Trump proved he's not a real NFL fan with his cringy Super Bowl tweet. But he's not the first president to embarrass himself like that.
The Donald Trump gaffe machine strikes again.
With his impeachment acquittal looming, the 45th president took to Twitter last night to congratulate the Kansas City Chiefs for winning Super Bowl LIV over the shellshocked San Francisco 49ers.
There’s just one problem: He praised Patrick Mahomes and company for making the state of Kansas proud, despite the fact that they’re based in Kansas City, Missouri. And have been since 1963. Oops!
So, no, Trump isn’t really a fan of the newly crowned Super Bowl champions. And it’s likely he doesn’t know all that much about pro football – aside from how to wreck an upstart league in record time [NYT].
Still, he isn’t the first president to embarrass himself when trying to jump on the sports bandwagon.
As with the infamous “covfefe” and “Obama Netflix” incidents, the president’s detractors quickly argued that his now-deleted tweet is proof he isn’t fit to inhabit the White House.
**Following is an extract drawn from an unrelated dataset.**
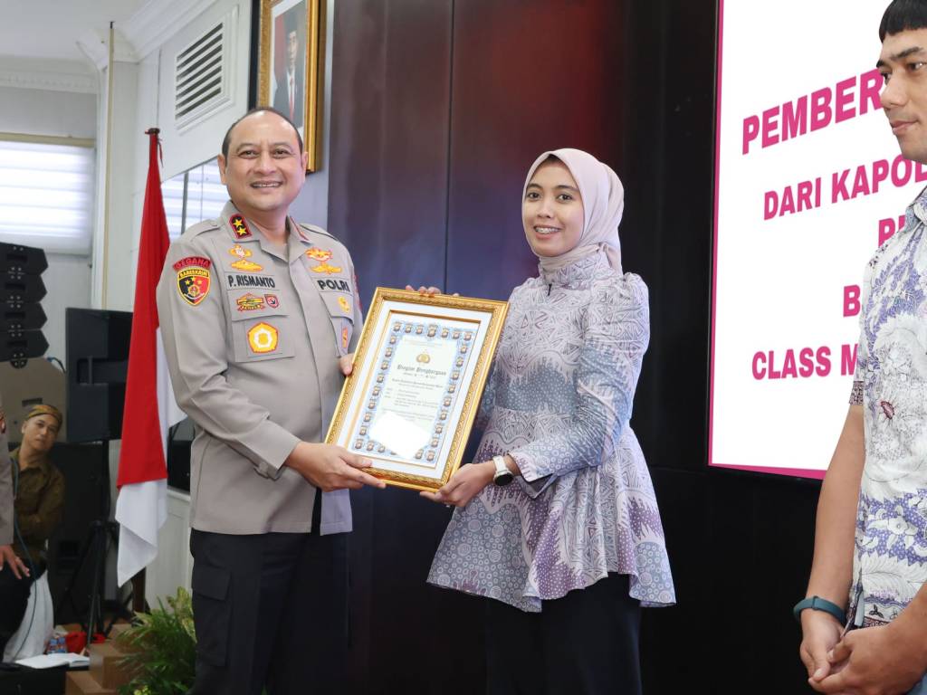 Pontianak, Polda Kalbar – Kapolda Kalbar Irjen Pol Pipit Rismanto, S.IK., M.H., memberikan penghargaan Kepada 2 orang atlet kalbar yang berhasil meraih juara pada Tour Of Kemala Banyuwangi 2023 di ruang Aula Graha Kathulistiwa Polda Kalbar pada hari Kamis (12/10).
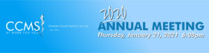 The CCMS Annual Meeting will be held Thursday, January 21, 2021, at 6:00 p.m. in a new virtual format.

His critics hastily constructed an argument based on an interesting piece of logic. Since Trump doesn’t even understand a basic fact about Midwestern geography, he must not really care about the Kansans and Missourians who live there – and delivered him 16 electoral votes in 2016 [NYT].
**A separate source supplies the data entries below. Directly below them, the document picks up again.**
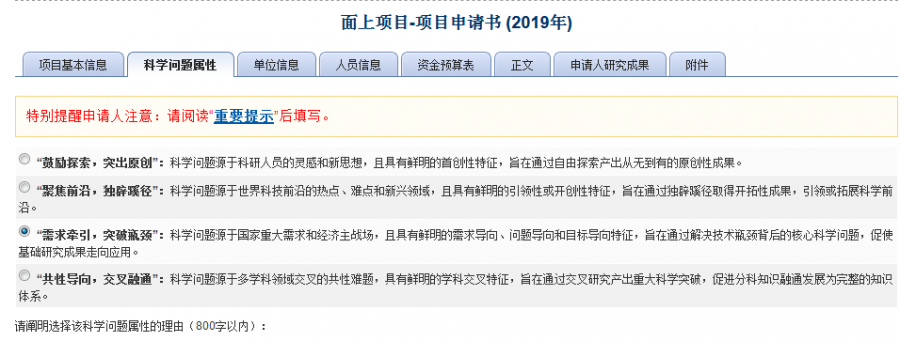 大家探讨一下2019年面上项目中“科学问题属性”该如何选择和填写?
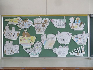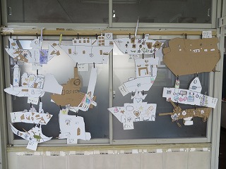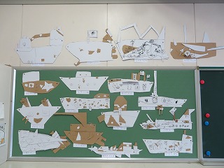 ダンボールでつくる「ゆめのおふね」がかんせいしました。せかいにひとつのすてきなふねです。きょうしつやろうかにけいじしてあります。こんだんかいのときには、ぜひみてくださいね。
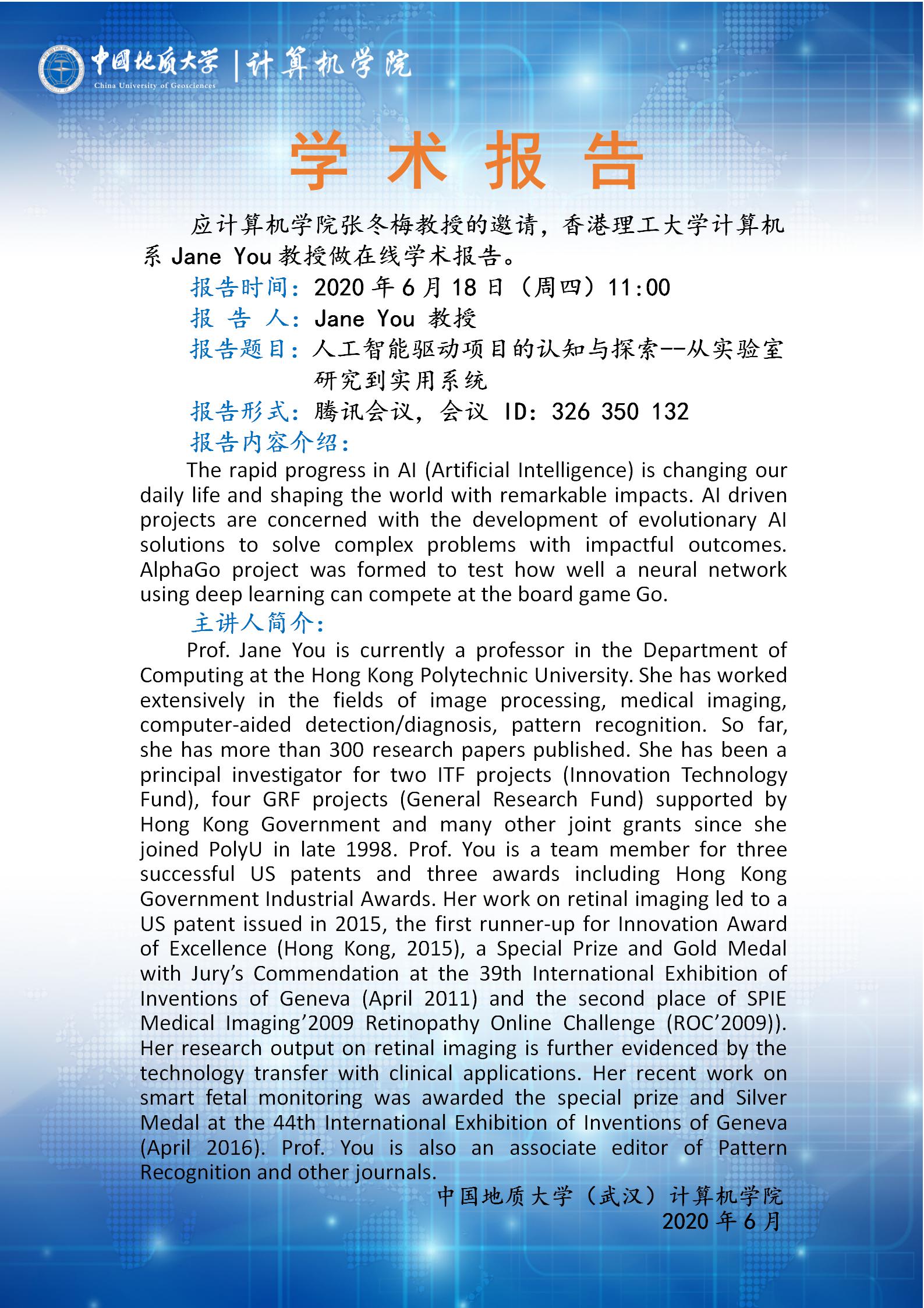 学术报告——香港理工大学计算机系尤佳教授:人工智能驱动项目的认知与探索--从实验室研究到实用系统

Perhaps this is a valid argument. Trump’s grasp of American geography is so poor that you could plausibly argue he doesn’t care about anywhere in the U.S. outside of New York and California (and maybe Florida).
Back in October, he boasted about building a wall with Mexico across the Coloradan border [The Guardian]. Of course, Colorado is 370 miles from the U.S.-Mexico border [The Independent], so I don’t know how that would work out in practice. I also don’t know if I’d ever let Trump drive or fly me anywhere.
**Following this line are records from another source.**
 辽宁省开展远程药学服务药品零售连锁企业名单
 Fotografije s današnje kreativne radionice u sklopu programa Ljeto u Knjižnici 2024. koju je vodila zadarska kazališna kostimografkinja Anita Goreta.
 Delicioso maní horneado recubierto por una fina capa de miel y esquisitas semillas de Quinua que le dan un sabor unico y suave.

To be fair to Donald “I have the best geography” Trump, he isn’t the first sitting U.S. president to embarrass himself while talking about sports.
Most modern presidents have tried to steal popularity from decorated athletes at one point or another [Washington Post]. And many have humiliated themselves in the process, much like the Donald.
In November 2008, then-President George W. Bush welcomed Arizona State’s track and field teams to the White House [NBC]. Innocent enough – until he posed for a photo in which he pulled a hand gesture known as “The Shocker” [Deadspin].
Even media-heartthrob Barack Obama made a fool of himself after Super Bowl XLIX. At a White House ceremony honoring the New England Patriots, Obama made a joke about the “Deflategate” scandal [The Hill] that, predictably enough, fell very flat with its audience.
Especially Rob Gronkowski:
So no, don’t trust Trump to navigate if he invites you on any cross-country road trips. But don’t act like his superficial pretending-to-like-sports shtick is anything unusual. Presidents have been doing it – and embarrassing themselves – for decades.